● What you are asked to do: Transcribe, exactly and without pictures, the lines below from the line with "СохранитьШкаф-купе Бетон 240Х160Х60, 2" to the line with "Ва ўправе галадоўнікам", both ends included, and no others.

● Supplied records:
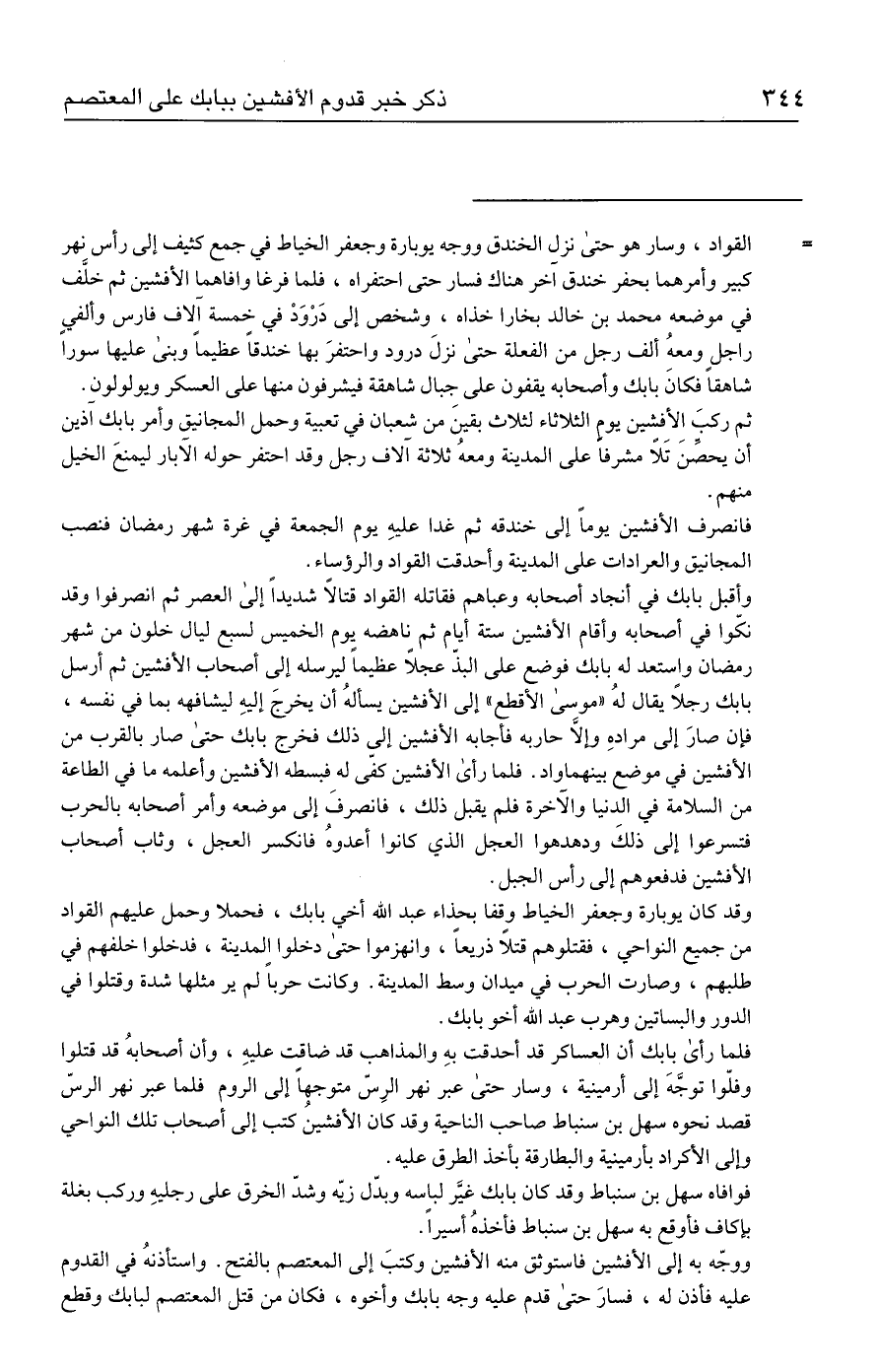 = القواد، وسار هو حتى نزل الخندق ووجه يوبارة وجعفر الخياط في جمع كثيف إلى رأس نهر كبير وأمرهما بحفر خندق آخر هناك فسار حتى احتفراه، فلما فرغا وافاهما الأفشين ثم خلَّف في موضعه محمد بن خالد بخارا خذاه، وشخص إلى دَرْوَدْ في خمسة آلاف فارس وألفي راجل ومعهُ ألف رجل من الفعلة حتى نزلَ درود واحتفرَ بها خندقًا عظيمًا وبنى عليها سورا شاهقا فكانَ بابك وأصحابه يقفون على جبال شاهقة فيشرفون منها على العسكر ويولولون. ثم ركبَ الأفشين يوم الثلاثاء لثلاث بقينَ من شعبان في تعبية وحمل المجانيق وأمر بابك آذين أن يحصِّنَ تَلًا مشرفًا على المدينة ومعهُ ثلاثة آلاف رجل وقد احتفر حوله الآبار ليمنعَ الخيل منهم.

---

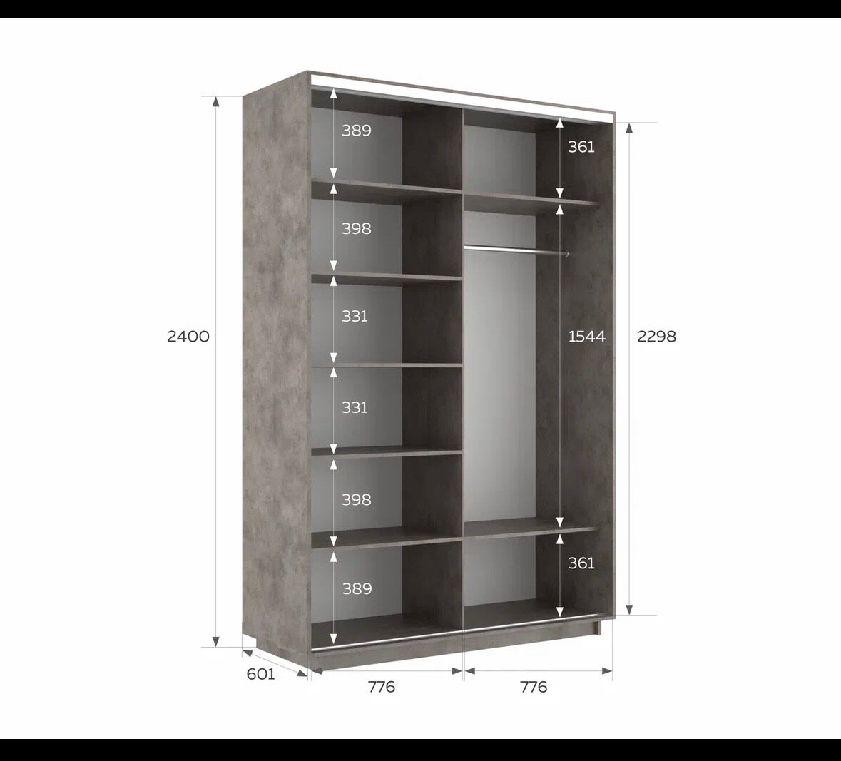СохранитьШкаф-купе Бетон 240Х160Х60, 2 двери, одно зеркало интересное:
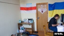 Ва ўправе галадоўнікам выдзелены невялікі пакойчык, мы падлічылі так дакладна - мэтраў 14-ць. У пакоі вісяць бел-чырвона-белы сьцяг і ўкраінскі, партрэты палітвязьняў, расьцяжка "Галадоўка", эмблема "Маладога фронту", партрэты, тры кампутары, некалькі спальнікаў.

● Reply:
СохранитьШкаф-купе Бетон 240Х160Х60, 2 двери, одно зеркало интересное:
 Ва ўправе галадоўнікам выдзелены невялікі пакойчык, мы падлічылі так дакладна - мэтраў 14-ць. У пакоі вісяць бел-чырвона-белы сьцяг і ўкраінскі, партрэты палітвязьняў, расьцяжка "Галадоўка", эмблема "Маладога фронту", партрэты, тры кампутары, некалькі спальнікаў.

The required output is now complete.